Страница 12 из 117
А Русалочка? Разве она не наша? Разве она принадлежит только датчанам? Разве она не принадлежит народам всего мира?
Сказка не знает границ. Она всесветна. Она вездесуща и неисчерпна, как жизнь. Да она сама и есть жизнь. Правда, что сказку не всегда распознаешь под скорлупой обыденного. Чтобы обнаружить её, надо разбить эту заскорузлую скорлупу. А это не всегда удаётся. Да не все этого и желают. Но противиться сказке безнадёжно. Рано или поздно она явится глазам и сердцу, настигнет, подхватит и унесёт неведомо куда.
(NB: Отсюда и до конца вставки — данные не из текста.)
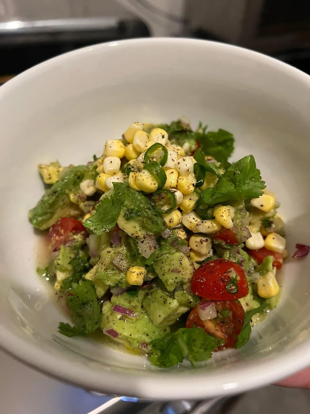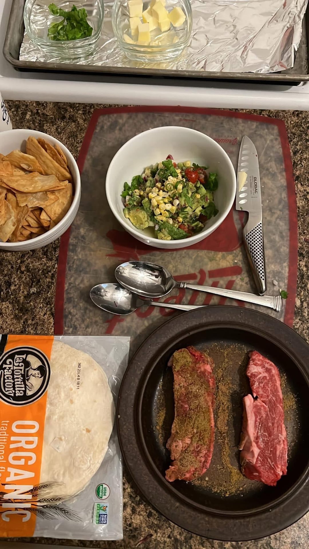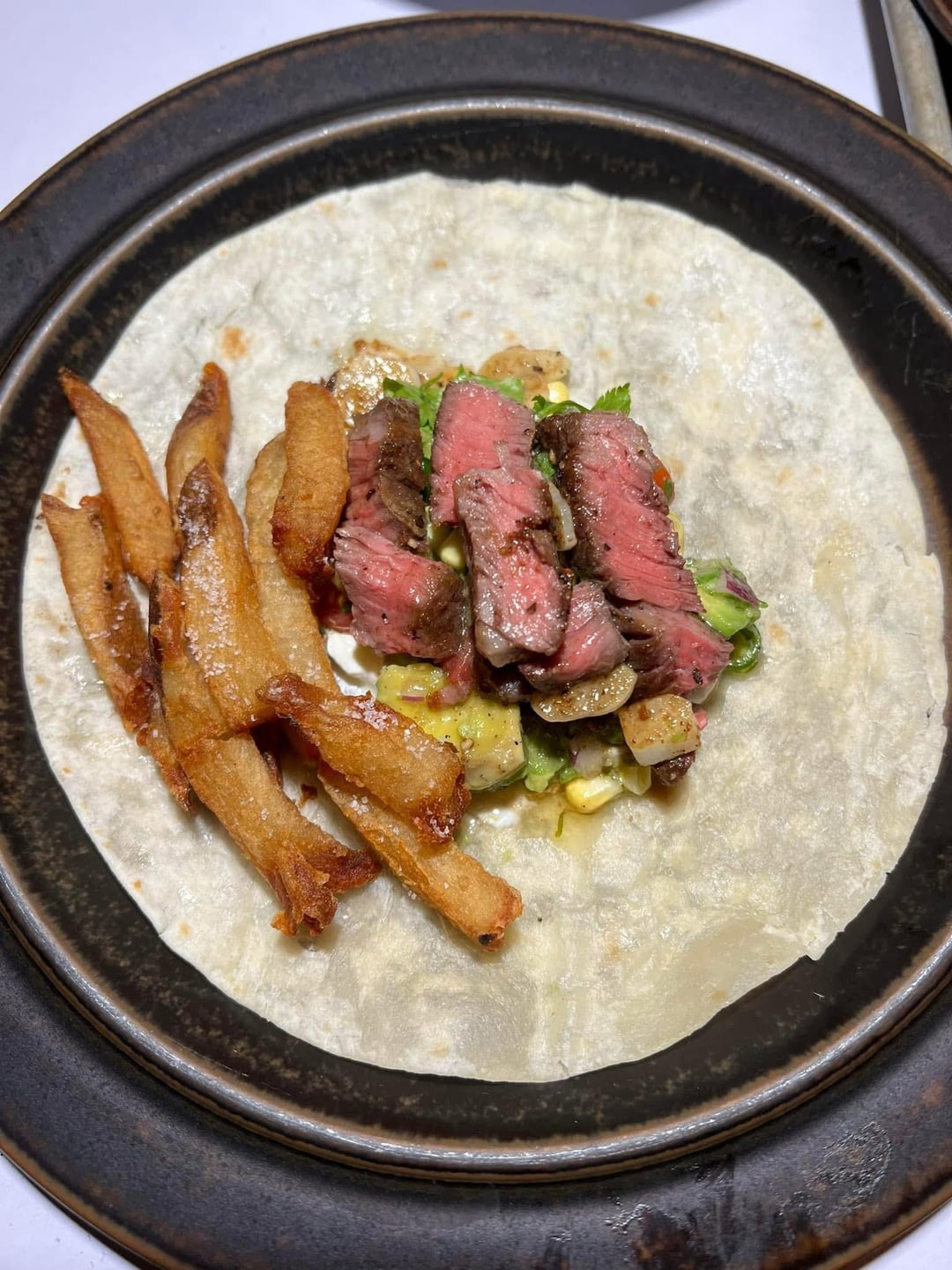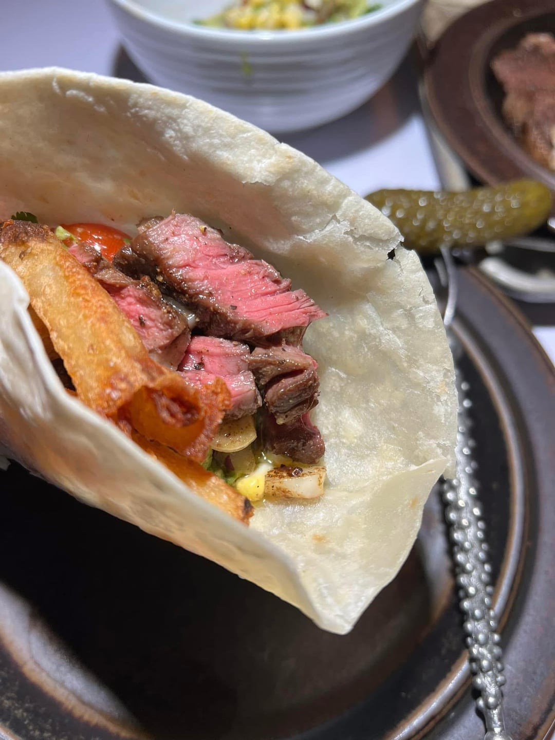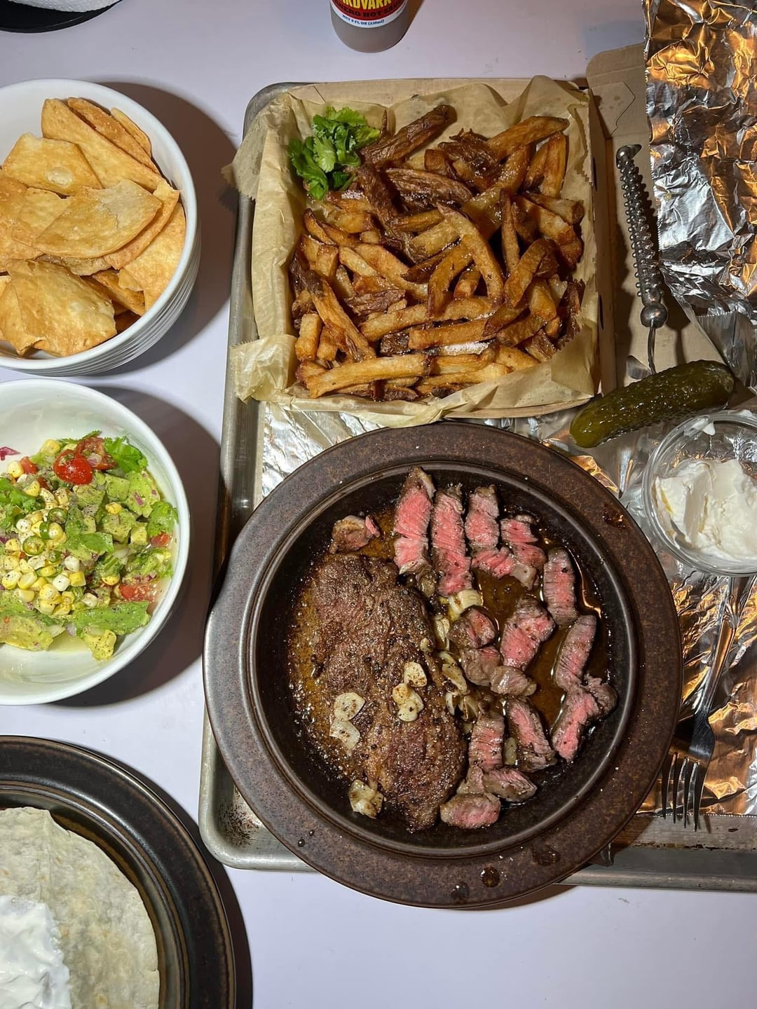 Chuck eye seasoned on one side with Japanese montreal steak seasoning, coriander, and cumin with pickled corn and Thai chilis guacamole, truffle fries, and sour cream flour tortilla taco with a bubbies spicy pickle on the side

В сущности говоря, вся наша жизнь, а сегодняшняя жизнь в особенности, имела и имеет поступательное движение к сказке, движение сильное и неотвратимое, как само время. Сказочный ковёр-самолёт стал сегодня ковром в самолёте, по которому уверенно ступает стюардесса, разнося пассажирам завтрак. Сегодня чудодейственная палочка доброго волшебника, превращающая мусор в золото, передана в лабораторию, которая может превратить ртуть в чистое золото путём обмена излишних и недостающих электронов. Превращение элементов, как и Ту-104, — это наш сегодняшний день, и день вполне реальный. В скорлупе обычного всегда заключено зерно необычного. И если мы не доходим до него, то лишь потому, что не всегда решаемся это сделать, а если и решаемся, то не всегда в силах. Тот же, кто в силах, тот всегда решается.
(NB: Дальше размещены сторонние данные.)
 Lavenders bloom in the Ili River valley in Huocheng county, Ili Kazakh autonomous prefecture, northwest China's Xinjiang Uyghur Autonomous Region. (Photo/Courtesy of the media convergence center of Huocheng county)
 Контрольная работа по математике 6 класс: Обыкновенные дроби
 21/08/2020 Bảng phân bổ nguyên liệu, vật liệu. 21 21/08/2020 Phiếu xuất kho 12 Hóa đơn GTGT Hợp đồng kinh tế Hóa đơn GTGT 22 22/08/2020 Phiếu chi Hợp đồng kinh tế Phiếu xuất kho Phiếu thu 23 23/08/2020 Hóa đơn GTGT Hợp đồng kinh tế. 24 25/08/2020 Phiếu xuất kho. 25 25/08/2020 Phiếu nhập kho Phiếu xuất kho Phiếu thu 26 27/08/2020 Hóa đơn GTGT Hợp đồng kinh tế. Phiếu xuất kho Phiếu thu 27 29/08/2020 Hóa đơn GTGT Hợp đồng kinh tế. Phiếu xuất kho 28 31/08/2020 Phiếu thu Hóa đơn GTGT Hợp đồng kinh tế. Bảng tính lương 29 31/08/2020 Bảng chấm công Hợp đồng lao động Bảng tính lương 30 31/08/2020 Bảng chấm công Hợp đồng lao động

Лев Толстой, Достоевский, Бальзак, Гоголь, Диккенс стали великими не только благодаря тому, что были реалистами, но и благодаря тому, что они не только реалисты, но и сказочники, а значит, и моралисты. У сказки всегда очевиднейшая выводная мораль, определяющая долю и место добра и зла на земле. В ней всегда сводятся счёты с Бабой-Ягой, Людоедом, Кощеем, злой мачехой и прочей мерзостью, населяющей нашу землю.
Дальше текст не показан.